LEGACY FUNDRAISING | How Not to Build Relationships

publication date: Oct 20, 2022
 | 
author/source: Richard Radcliffe FCIoF Cert

 

It’s lunchtime and I have arrived to speak at an event for legacy fundraisers.

I am helping myself to a coffee.

A legacy fundraiser standing next to me says, “Where’s the water?” (Please note there was no “Hi” or smile.)

“In front of you in the flask saying hot water,” I reply, smiling.

“No, I don’t want that water. Do you have cold water?” he said.

I respond, “It’s just here (less than an arm’s length away), but I don’t work here.”

The guy took his water and walked away, just as I was going to ask him his name and introduce myself as Richard.

Was he ill? No, he sat down and stayed for three hours. He took a few notes and asked no questions.

Really, I don't care what mood he was in. What I do care about is: how does he respond to legacy prospects? I fully realize these are tough times for us all, but in our encounter, he was: 

  1. rude
  2. presumptuous, and 
  3. uninterested in anyone around him 

These are three sins which should be banned from the lives of fundraisers.

No hello. No smile. Noth-ing.

Mr X assumed I was an organizer or waiter. I had a name tag so it should have been clear I was one of those attending, not serving. I judged him to be a…. well, I won’t put the words in writing.

I wondered: Why the hell did he become a fundraiser?
Followed by: How much damage has he done?
My final question: When communicating with a legacy prospect, how quickly does he wrongly judge their potential?

Judgement and first impressions

How quickly do we judge people?

Research (from numerous sources) shows a similar result. It is between 1/10th and 1/30th of a second. (I judged him very fast: Get out of fundraising!)

We live in a world of communication overload. The usual is forgotten. The exceptional remembered, and bad two-way communications can leave a scar for life.

I hear about these scars in focus groups. Over 800 supporters that I have met have taken legacies out of their Wills but they do not like to “complain.”

Good relationships – especially NOW in uncertain times - are crucial

For some reason I hate phrases like “donor care.” To me, it is jargon. By the way, I hate most job titles in fundraising for reasons I will discuss in a future article.

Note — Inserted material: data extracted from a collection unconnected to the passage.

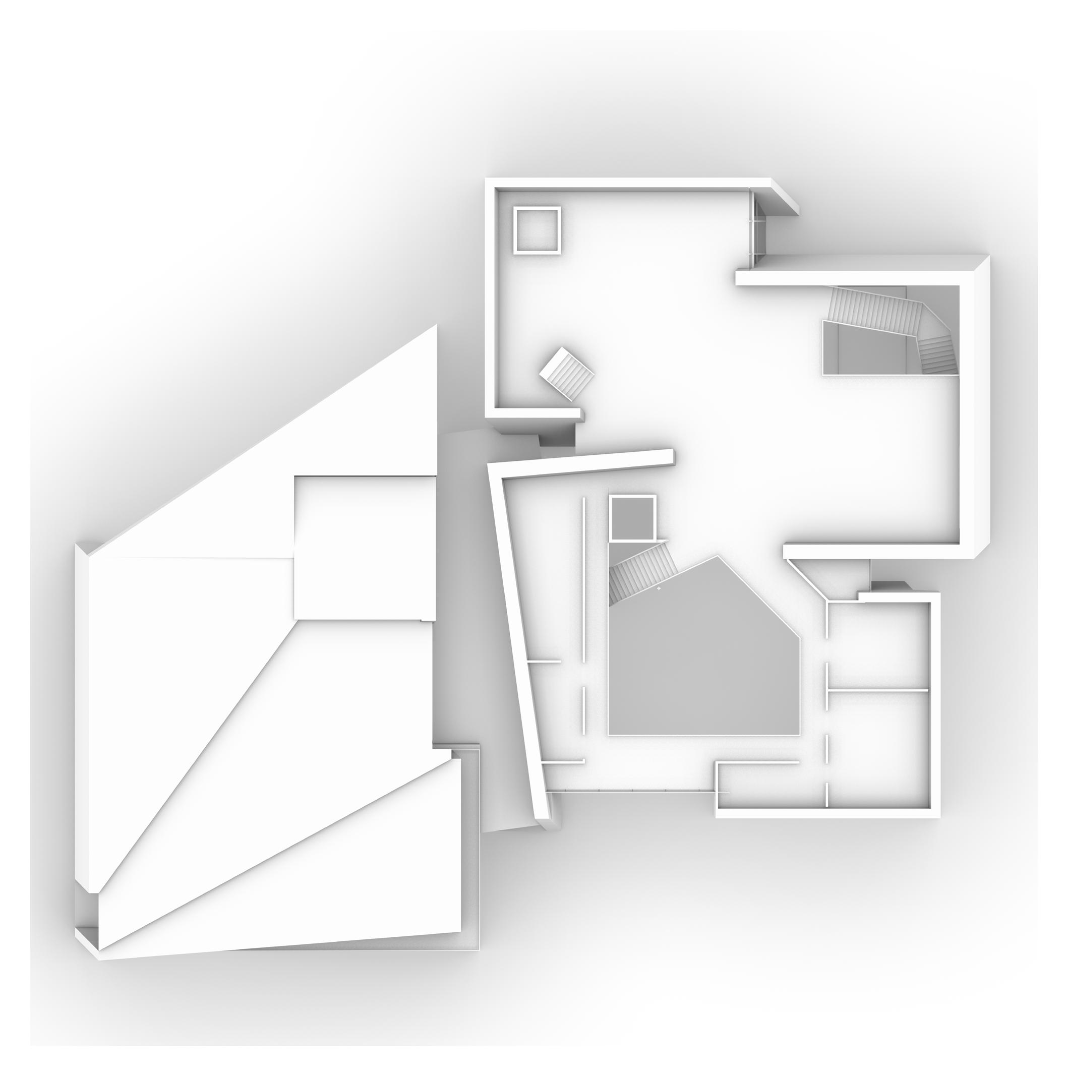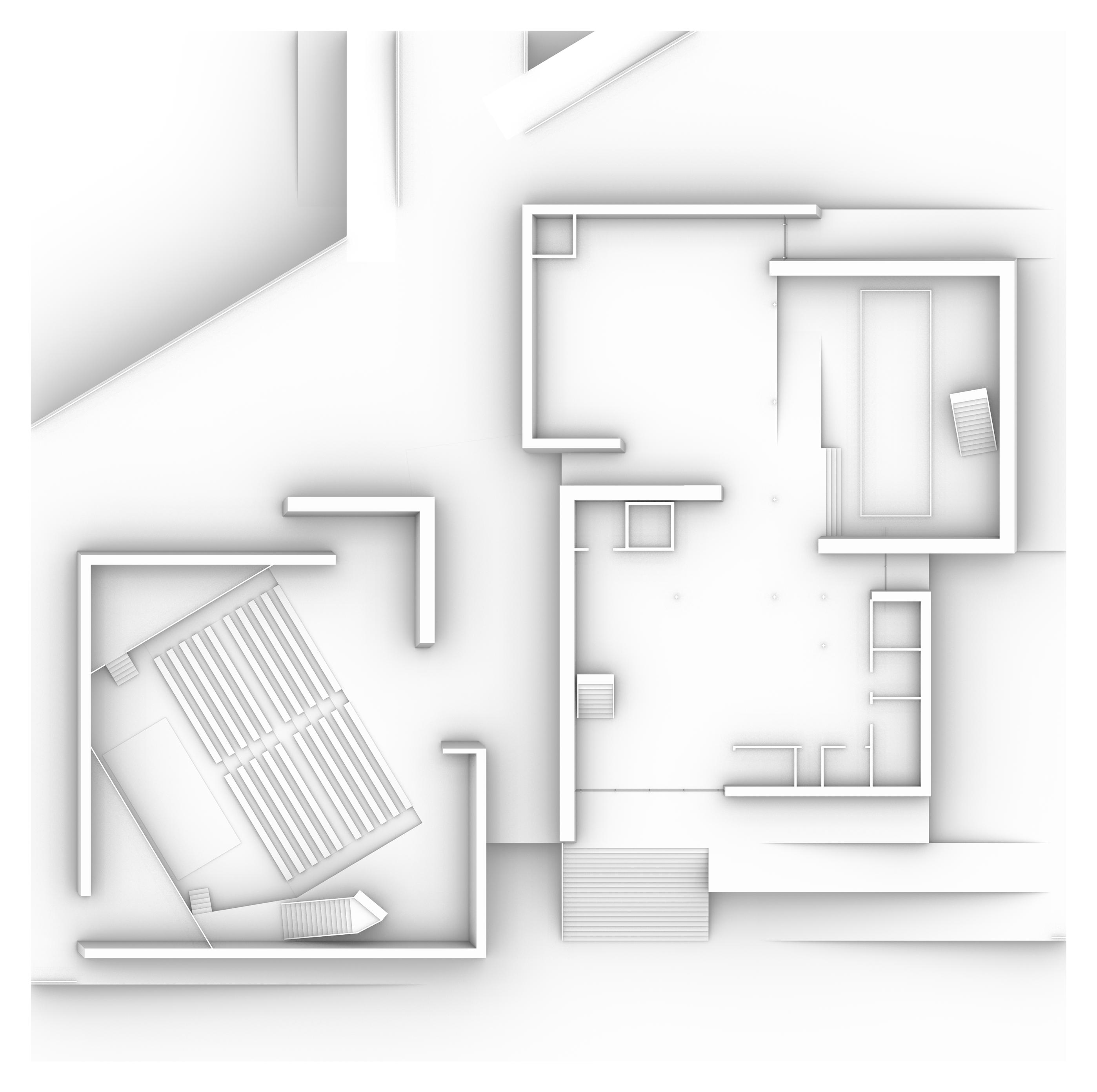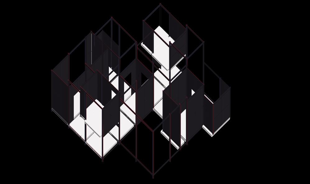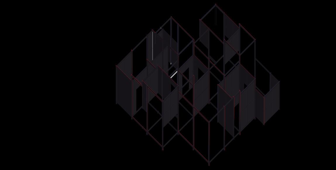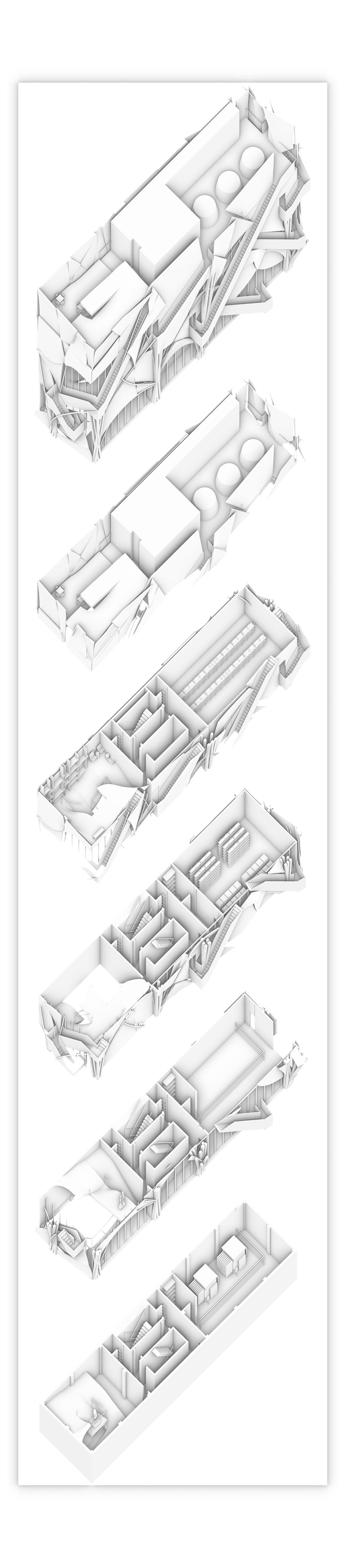 The wall system developed for this project is based upon Peter Eisenman’s conceptual study model, House X, which follows a grid system applied to bracket-like walls. The walls are placed “on” and “off” the grid, on the interior and exterior. This shift opens up walkable space, creating voids that can be utilized for the buildings’ architecture. To progress further from Eisenman’s ideas, this same shift is applied to the walls extending vertically, so that when the structure’s plans and sections are viewed, they reference each other, providing intrigue. This project is driven through a conceptual 2D basis rather than a 3D whole.
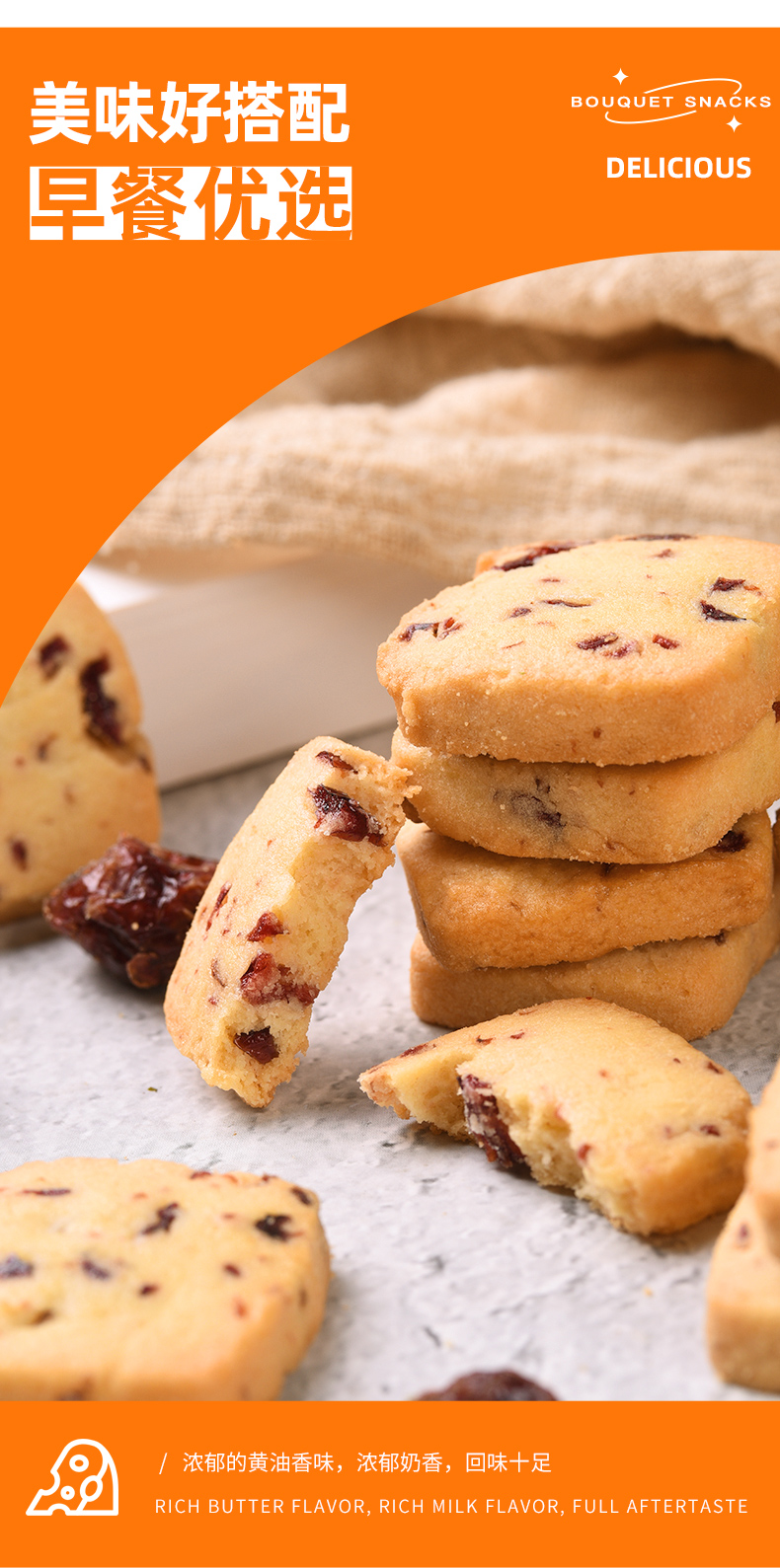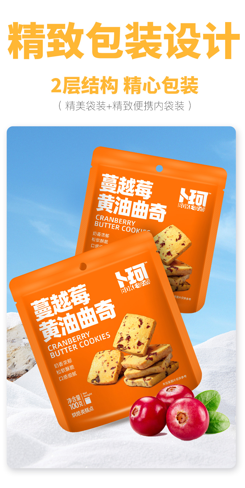 卜珂 蔓越莓黄油曲奇组合装600克 饼干糕点心零食品
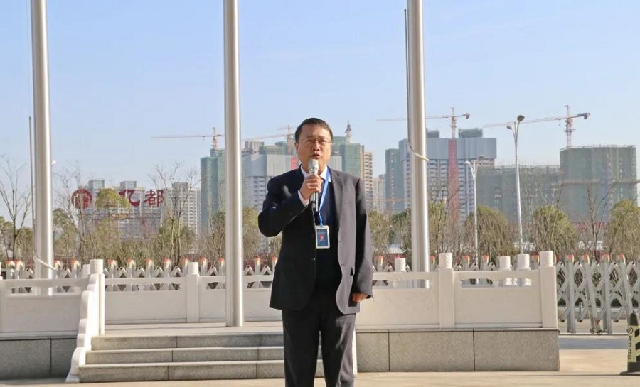 隨后,公司黨委書記胡流芳在國旗下發(fā)表新年講話。他首先代表公司向全體員工及家人拜年,致以新春的美好祝愿。他指出,新年舉行升國旗儀式,目的是為了激發(fā)大家的昂揚斗志,以飽滿的熱情、干事的激情、成事的豪情,盡快投入工作當中,推動公司高質(zhì)量發(fā)展,為公司“十四五”開好局、起好步,助推公司早日實現(xiàn)“百億化建”目標。他強調(diào),2021年是“十四五”開局之年,也是中國共產(chǎn)黨成立100周年。公司全體職工要發(fā)揮聰明才智,用務(wù)實的作風(fēng)和不折不撓的精神,團結(jié)一心,鼓足干勁,奮力拼搏,以“起步即沖刺、開局即決戰(zhàn)”的姿態(tài),只爭朝夕、全力以赴,以優(yōu)異成績獻禮中國共產(chǎn)黨百年華誕!
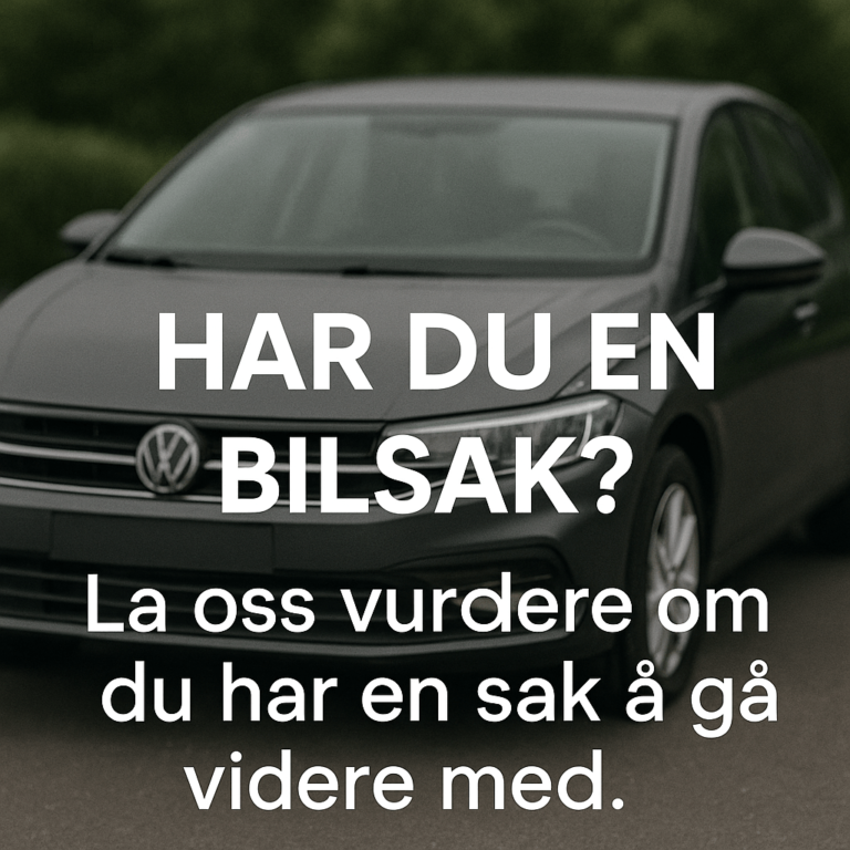 Vi har ekspertise på bilsaker. I løpet av kort tid vil vi ofte se om du kan ha en sak å gå videre med. Vi tilbyr en gratis og uforpliktende vurdering, så blir det opp til deg hva du vil gjøre videre i din sak.
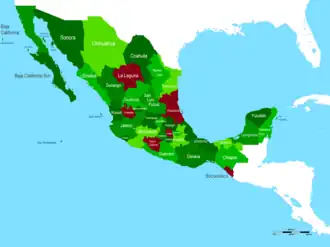 Propuesta de creación de los estados de La Laguna, Huasteca, Colotlán, Valle de México, Tierra Caliente y Soconusco

- A great fundraiser has natural built-in love, interest and inquisitiveness in other people.
- We yearn to know more but without intruding on the lives of supporters.
- We strive to understand what information they need to ensure donor happiness.

These qualities are something which have to be in the heart of every fundraiser.

A training gap

How many courses are there on corporate and trust/foundation fundraising?
How many courses are there on individual giving?
How many courses are there on fundraising strategies?
And -
How many training sessions are there on how to listen to and understand prospects?

We have a major imbalance, because every stakeholder – corporate, trust, statutory and individual, needs to be listened to and understood.

That is why meeting supporters constantly intrigues, fascinates and informs me. Especially when they bounce ideas off one another (not possible in a one to one).

Listening at events, on the phone and one to one are the biggest opportunities we have to understand a legacy prospect’s journey and to understand how to maintain their happiness and future gift.

Do we treat supporters as equals or idiots?

Here is one recent example: I was sent a telephone script which was to provide follow-up to a legacy letter. The first 2.5 minutes were the charity telling the (long-term!) supporters what the charity does. It took about three minutes to get to the objective of the call: legacy giving.

My response was immediate. It was patronizing, I wondered what the call was for. I wanted them to get to the point and to “treat me with respect.”

All this call did was produce doubt: Why is this charity calling?

It is the age of intelligent donors and legacy prospects

Current legacy prospects are the silent generation and baby boomers. Are they savvy? Have they worked? Are they exceptionally generous?

Yes, to all three questions.

Do they really understand the impact they make?

No, because we run out of time explaining features and not outcomes. Sadly, they often cannot imagine the impact their legacy might make.

SHUT UP and LISTEN

The best way of understanding the needs and knowledge of supporters is to find out what they do and do not know. What information do they need to put their future gift in their Will NOW?

The only way to find this out is by asking questions.

The only solution is training fundraisers in active listening techniques.

How many courses focus on this? I run them, but few others do. Shame on the sector.

Listening is the only thread which should be sewn into the hearts and minds of all fundraisers.

My belated answer to “Where’s the water?” is... “where is your love and interest in people?”

Charities are all about partnerships – the giver and the receiver.

Dwight Eisenhower said, “Motivation is the art of getting people to do what you want them to do because they want to do it.”

That is also what great fundraising is all about.


Richard Radcliffe FCIoF Cert is now 68 and after over 30 years in advising charities on increasing legacy income is as frustrated as he has ever been. But he is determined to continue to affect change in donor and fundraiser mindsets until he dies. Which he hopes is not for a long while.